Evaluation of binning results
When evaluating a set of bins reconstructed from simulated microbial datasets, we use BLASTn to map each bin against the ground truth genomes used for each dataset. A representative genome of each bin is determined based on the genome which can be covered by the highest fraction of nucleotides from that bin. Then for each bin, we define the number of nucleotides in the bin that belong to the representative genome as true positives (TP). The total number of nucleotides from the bin not covered by the representative genome corresponds to the false positives (FP), and the number of nucleotides in the representative genome not covered by any contigs from that bin represents the false negatives (FN). Then the completeness, contamination, and F1 score of each bin can be calculated as follows.
$$completeness=\frac{TP}{TP+ FN}$$
$$purity=\frac{TP}{TP+ FP}$$
$$contamination=1- purity$$
$$F1\ score=\frac{2\ast completeness\ast purity}{completeness+ purity}$$
For the real metagenomics data sets where the ground truth genomes are inaccessible, we employ CheckM [47] to estimate the completeness and contamination of each bin.
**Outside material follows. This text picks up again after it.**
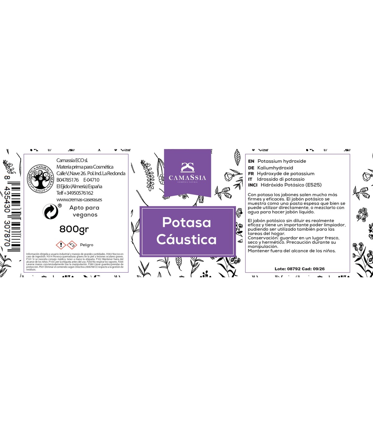 La Potasa Caustica (KOH) o el Hidróxido de Potasio, como también se le conoce, es muy similar a la sosa caustica (NaOH), con la particularidad que con la potasa los jabones salen mucho más firmes y eficaces. El jabón potásico se muestra como una pasta espesa que bien se puede utilizar directamente, o mezclarlo con agua para hacer jabón líquido, en función de los gustos y de lo que busque cada persona.
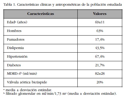 Se consideró fumador actual a cualquier individuo fumador activo durante el último año, ex-fumador a aquel individuo que haya abandonado el hábito tabáquico en un periodo mayor a un año y no fumador a aquella persona que nunca haya adquirido el hábito tabáquico. La dislipemia se definió de acuerdo al cumplimiento de alguno de los siguientes criterios: historia de hiperlipidemia diagnosticada y/o tratada con medicación, dieta y/o ejercicio, cifras de colesterol total superior a 200 mg/dl, colesterol-LDL superior o igual a 130 mg/dl, colesterol-HDL inferior a 40 mg/dl o tratamiento hipolipemiante. La hipertensión arterial se definió como el cumplimiento de alguno de los siguientes criterios: historia de hipertensión diagnosticada o tratada con medicación, dieta y/o ejercicio; presión arterial sistólica igual o superior a 140 mmHg o diastólica igual o superior a 90 mmHg, al menos en dos determinaciones; o tratamiento antihipertensivo que no es administrado como terapia a otra alteración distinta a la hipertensión arterial. Se consideró la existencia de diabetes mellitus en función de la presencia de alguna de las siguientes premisas: historia de diabetes mellitus acreditada en un informe médico, glucemia en ayunas superior o igual a 200 mg/dl en cualquier situación y síntomas de diabetes mellitus, al menos dos determinaciones de glucemia en ayunas superiores o iguales a 126 mg/dl (entendiéndose como ayunas un periodo sin ingesta de al menos 8 horas) o utilización actual de tratamientos hipoglucemiantes orales y/o insulina. La estimación del filtrado glomerular se realizó mediante la ecuación MDRD-4. La clasificación de la anatomía valvular se realizó en base a los hallazgos intraoperatorios, además de la descripción ecocardiográfica previa a la cirugía.

Validating misassemblies identified by metaMIC with long-read assemblies
A combined rumen fluid and solid sample sequenced with both short- and long-read DNA sequencing technologies (SRA BioProject numbers PRJNA507739) are used to validate the metaMIC predictions on short-read assemblies. Short-read sequencing approaches are based on Illumina NextSeq 500 sequencing technology, and long-read sequencing is performed on the Sequel systems via PacBio’s single molecule real-time (SMRT) sequencing technology. In total, the sample contains approximately 143 million short reads and 600,000 long reads. The Illumina short reads are assembled into contigs with MEGAHIT while the long-read assemblies are generated with PacBio reads by using metaFlye [48]. Then the short-read assemblies were evaluated through using long-read assemblies as gold standard with MetaQUAST.